Detecting non-breaking spaces via action code

mwra · September 28, 2023, 8:37pm

We can often be tripped up by characters that look the same but which are different: for instance, the space and the non-breaking space. The latter are often imported in content copy pasted in from web pages (where they are use to assist text layout): Consider these texts:

Some text.
Some text.

Are the spaces the same? In fact only one matches the query $Text.contains(" "); typed using a normal spacebar space. The first test uses a normal space, the second a non-breaking space (which can be typed as opt+spacebar).

Is there a way to test for a character you can’t see and for which you don’t know of a shortcut? Yes. Assuming you can look up the Unicode ‘code point’ (a four-digit number NNNN) for the character, you can use it as a regular expression code in operators that support regex patterns like .contains(), e.g. u\NNNN (the u is case sensitive).

A non-breaking space is Unicode codepoint 00A0. So, to test for it in $Text use query:

$Text.contains("\u00A0")

Whereas a normal space is Unicode code point 00A0. So, to test for it in $Text use query:

$Text.contains("\u0020")

For characters in the low ASCII range, a shorter decimal number can be used,. thus a normal space can be referred to as Unicode code point 0020 but also as ASCII decimal number 20. In regex use a \x prefix, e.g. \x20. So these test for the same character:

// these are the same test, encoded differently
$Text.contains("\u0020")
$Text.contains("\x20") //

But a non-breaking space is not defined withi the ASCII range so the Unicode encoding method must be used. You can as above use Opt+Spacebar to type such a space but you won’t be able to see which sort of space it is.
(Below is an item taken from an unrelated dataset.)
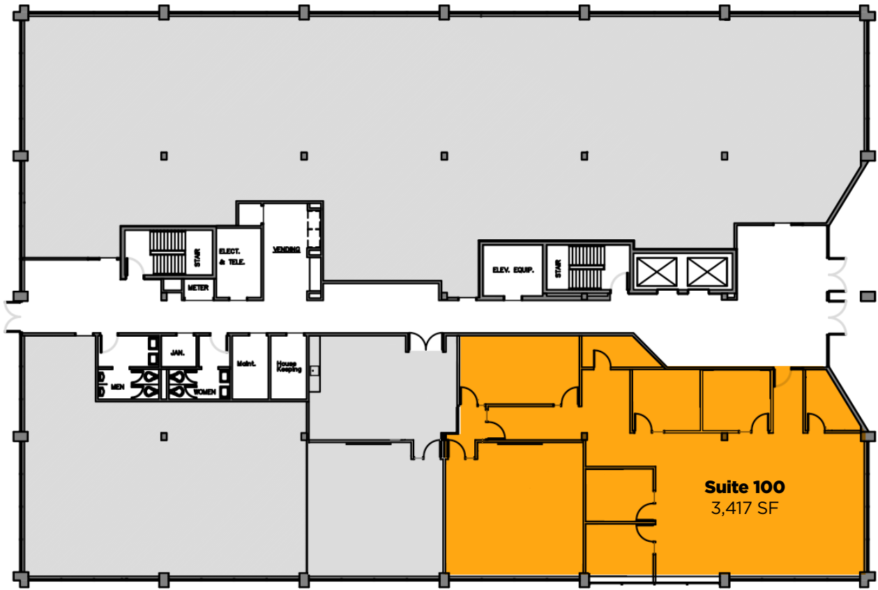
Plaza 45 - First Floor

Here is a simple TBX I made to explore this:

~~Unicode regex 1.tbx (213.5 KB)~~ Corrected: Unicode regex 2.tbx (221.8 KB)

Not sure how to look up Unicode values? Just ask Google.

Edit: I’ve just updated aTbRef’s page on Regular Expression usage to reflect the above.

eastgate · September 28, 2023, 9:43pm

I believe you wanted $Text.contains(\x20): \xdd is a character code in hexadecimal (base 16), so 20 is 2*16+0 = character code 32 (decimal)

mwra · September 28, 2023, 9:45pm

Doh! I’ll update accordingly.

mwra · September 28, 2023, 9:56pm

Done: my last post (TBX, image and edited aTbRef page) all fixed.

mwra · September 29, 2023, 10:27am

Turns out there are more spaces than I’d thought:

…though most of us probably only encounter the first two with an regularity.

Got a space and has doubts as to which character it is? In BBEdit (you can get it for free). Copy/paste the content into a BBEdit window, select the suspect character and then use menu Window ▸ Palettes ▸ Character Inspector:

Usefully, if you also set BBEdit to show invisibles^†, spaces and non-breaking spaces are indicated differently (different size dot - see above grab). To show invisibles (if not on by default), ppen BBEdit’s settings (i.e. Preferences) and select ‘Editor Defaults’ in the left side bar:

For those going down that rabbit hole, the Settings dialog’s ‘Editing’ tab, at the bottom of the tab allows you to customise the ‘invisible’ symbols for tabs and line ends:

You can’t customise the spaces’ ‘invisible’ character but most other types of space, from the above table of spaces, render as a red dot. In fact, why not—here are all the entries from the table above, as seen in BBEdit:

… and that’s probably more than enough detail!